Wednesday, September 5, 2018

Double Submit Cookie Pattern


Previously, in my last blog post I discussed about the Synchronizer Tokens Pattern as one of the solutions for the Cross Site Request Forgery attack on Web Applications. Today, let's look at the Double Submit Cookie Pattern to prevent from CSRF attack. 

Upon the user login, when a user authenticates to a site, the site should generate a session identifier and set a cookie in the browser. At the same time, it generates the cryptographically strong random value or the CSRF token for the session and set it as a cookie on the user's machine separate from the session id. 
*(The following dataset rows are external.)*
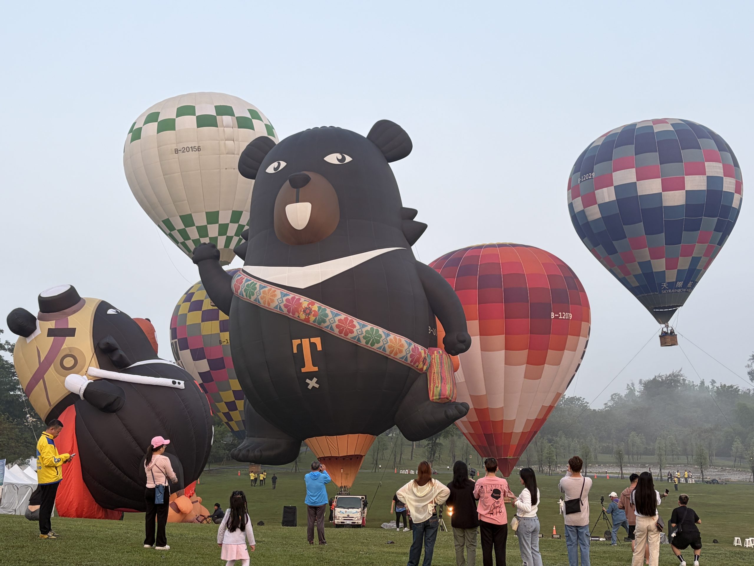 受到鋒面影響,西拉雅森活節重頭戲「熱氣球光雕秀」,延至二十六日晚間登場,儘管天候不理想,仍吸引民眾到場體驗熱氣球繫留,現場各式大小不一的熱氣球也成為拍照熱點。
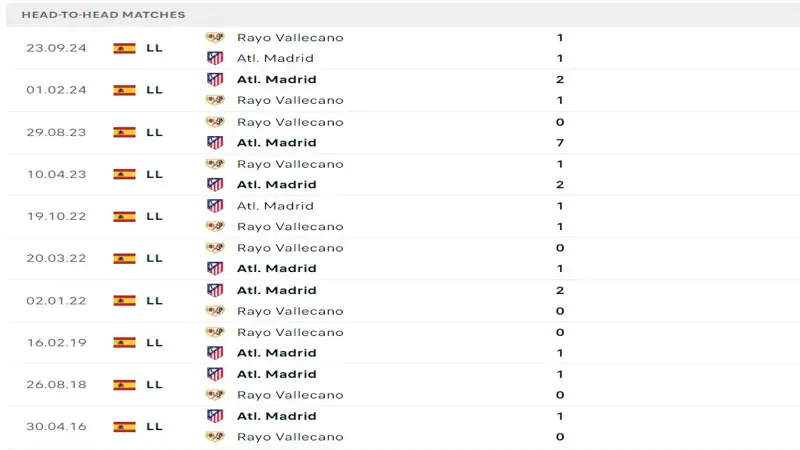 Lịch sử đối đầu của Atletico Madrid vs Rayo Vallecano
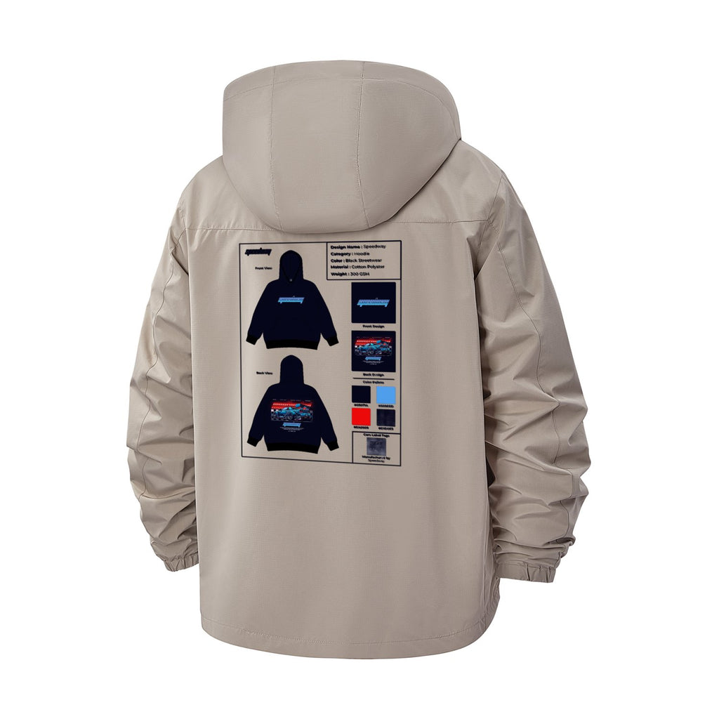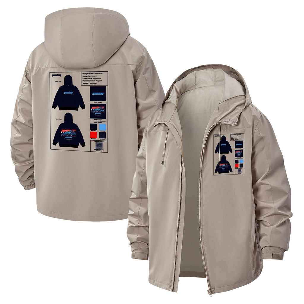 Graphic Hoodie Blueprint Unisex Full-Zip Printed Waterproof Hooded Windbreaker
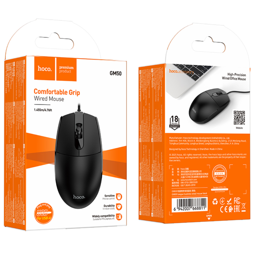 Ενσύρματο Business Ποντίκι Hoco GM50 League με 3 Πλήκτρα DPI 1000 Μαύρο. Διαστάσεις: 116×62.5×37.5mm, Βάρος: 66g

Here unlike the Synchronizer Token Pattern server does not have to store this CSRF token value anyway, that is why this pattern is sometime also called Stateless CSRF Defense. The site then requires that, every request include this random value (CSRF token) as a hidden form value. A cross-origin attacker cannot read any data sent from the server or modify the cookies value. Here the client is just retrieve the CSRF cookie from the response and add it into a special header to all the requests. Sever job is here to create the CSRF cookie and for each request check that the CSRF cookie and the CSRF header of the request are matching.

Following example shows what happens in this security pattern.



As you can see the message flow of the diagram, let's say John provides his credentials to go through the authentications process.Then server will create a new session and unique session id for this legitimate user after validating user credentials.

Same as the Synchronizer Token Pattern, at the login phase server will create a CSRF token for this particular session. This Cookie value cannot be set as HttpOnly because client needs to be able to access this since server has no records of this generated token.The difference here is, server is not going to  keep record and store the CSRF token in server side. Instead, server will send the CSRF token in the response and forget it. (But in Synchronizer Token Pattern server has to keep and store all the tokens. Imagine there are one billion of users, then the server storage needs to store one billion of record or even more, because one user can have multiple sessions)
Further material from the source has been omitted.